To follow up on @cardinal's comment: your $x$, $y$, and $z$ define a $(3 \times 3)$ correlation matrix $R$. Since a correlation matrix also is a possible covariance matrix (of standardized variables), it has to be positive definite. This is the case if all eigenvalues are $> 0$. If $R$ is indeed positive definite, then all vectors $\boldsymbol{s}$ of variances (i.e., numbers $> 0$) will turn $\boldsymbol{R}$ into a positive definite covariance matrix $\boldsymbol{\Sigma} = \boldsymbol{D}_{s}^{1/2} \boldsymbol{R} \boldsymbol{D}_{s}^{1/2}$, where $\boldsymbol{D}_{s}^{1/2}$ is the square root of the diagonal matrix made from $\boldsymbol{s}$.
So just construct $R$ from $x, y, z$, and check if the eigenvalues are all $> 0$. If so, you're good, and you can transform any set of data to have a corresponding covariance matrix with arbitrary variances:
x <- 0.5
y <- 0.3 # changing this to -0.6 makes it not pos.def.
z <- 0.4
R <- matrix(numeric(3*3), nrow=3) # will be the correlation matrix
diag(R) <- 1 # set diagonal to 1
R[upper.tri(R)] <- c(x, y, z) # fill in x, y, z to upper right
R[lower.tri(R)] <- c(x, y, z) # fill in x, y, z to lower left
eigen(R)$values # get eigenvalues to check if pos.def.
gives
[1] 1.8055810 0.7124457 0.4819732
So our $\boldsymbol{R}$ here is positive definite. Now construct the corresponding covariance matrix from arbitrary variances.
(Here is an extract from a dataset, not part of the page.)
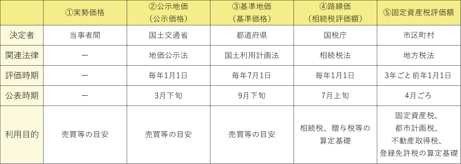 一つの土地に5つの異なる価格が存在するのはなぜ?違いは?

vars <- c(4, 16, 9) # the variances
Sigma <- diag(sqrt(vars)) %*% R %*% diag(sqrt(vars))
Generate some data matrix $\boldsymbol{X}$ that we will transform to later have exactly that covariance matrix.
library(mvtnorm) # for rmvnorm()
N <- 100 # number of simulated observations
mu <- c(1, 2, 3) # some arbitrary centroid
X <- round(rmvnorm(n=N, mean=mu, sigma=Sigma))
To do that, we first orthonormalize matrix $\boldsymbol{X}$, giving matrix $\boldsymbol{Y}$ with covariance matrix $\boldsymbol{I}$ (identity).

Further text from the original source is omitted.